Like many of the downsides of government policies aimed at calming the impact of the pandemic on life and livelihood, the reintegration plan for returnee migrant workers is far from adequate, and it is the lack of proactive and facilitating arrangements that have come up in the way of any meaningful outcome. Reports say a large majority of returnee migrant workers cannot apply for reintegration loan provided by the government.
The reintegration plan is no doubt an appreciable move. The objective is to engage the returnee workers, most of whom lost their jobs in overseas workplaces, in small income-generating ventures at home with soft loan till they are in a position to seek alternative means of livelihood, including availing opportunities of going back to their workplaces abroad. A recent study conducted by Ovibashi Karmi Unnayan Programme (OKUP) showed that about 80 per cent of the returnees have decided to engage themselves in activities like dairy and poultry farming, sewing, driving auto-rickshaws etc. But it is the client-unfriendly loan disbursement procedure that is found to deter the objective of the reintegration plan. The Ministry of Expatriates' Welfare and Overseas Employment introduced a loan scheme worth Tk 2.0 billion through Probashi Kallyan Bank (PKB) in July last year at a rate of 4.0 per cent interest. The money was provided by the Wage Earners' Welfare Fund (WEWF), created with the contribution of migrant workers. The scheme provides for loans ranging from Tk 100,000 to Tk 500,000 per person. The government created another fund worth Tk 5.0 billion as reintegration loan for returnee workers with higher rate of interest at 9.0 per cent for male and 7.0 per cent for female workers. While the latter is not encouraging enough to attract loan seekers, the problem with the PKB loan is its procedural needs that among others include collateral for upper ceiling beyond Tk 200,000. It has, however, been learnt that lately, because of very poor response, the collateral-free ceiling has been raised.
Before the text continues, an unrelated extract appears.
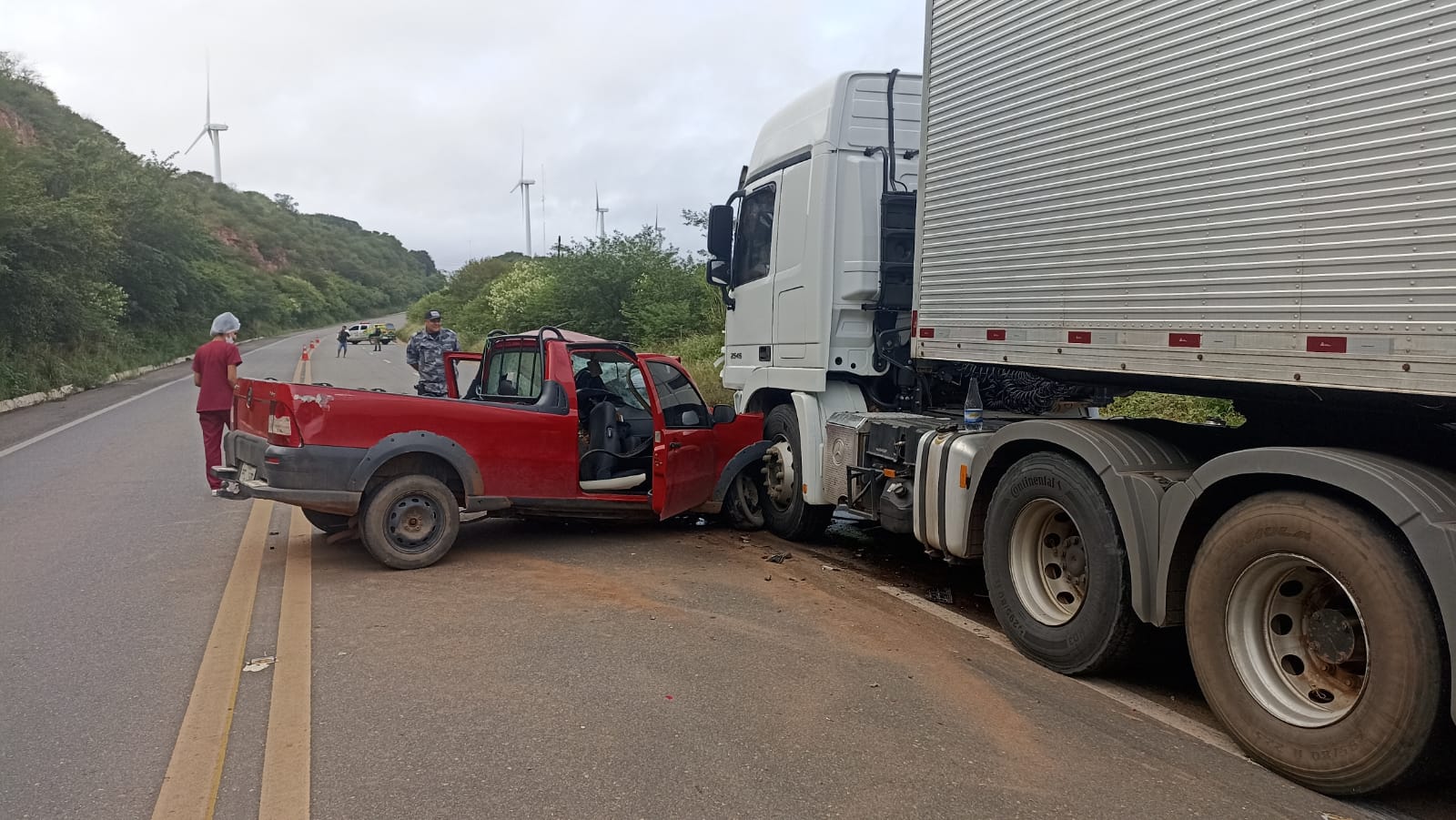 Segundo relatório da PM, a vítima fatal conduzia um veículo modelo picape Fiat Strada, que colidiu frontalmente com uma carreta Mercedez Bens no local conhecido como ladeira do ‘S’, situado entre as cidades de Marcolândia e Francisco Macedo.

A FE report quoting the aforementioned OKUP study said that about 74 per cent of the interviewed migrants can barely meet their basic requirements upon return to their hometowns or villages, and many of them are yet to find any livelihood opportunities. Besides, 77 per cent of returnees who did not apply for the loan yet, will be in great misery if they are not able to access the reintegration loan, the report adds.
With more than 300,000 migrant workers now stranded at home and having to rely on small savings, it is critically important that the authorities are more forthcoming so that the reintegration scheme makes sense. Concerned quarters believe that besides raising the collateral-free loan ceiling, there is a need to simplify the loan procedures to bring an increased number of returnees under the scheme. There is also a need to provide advisory services for firming up plans for whatever income generating plans the workers are up to.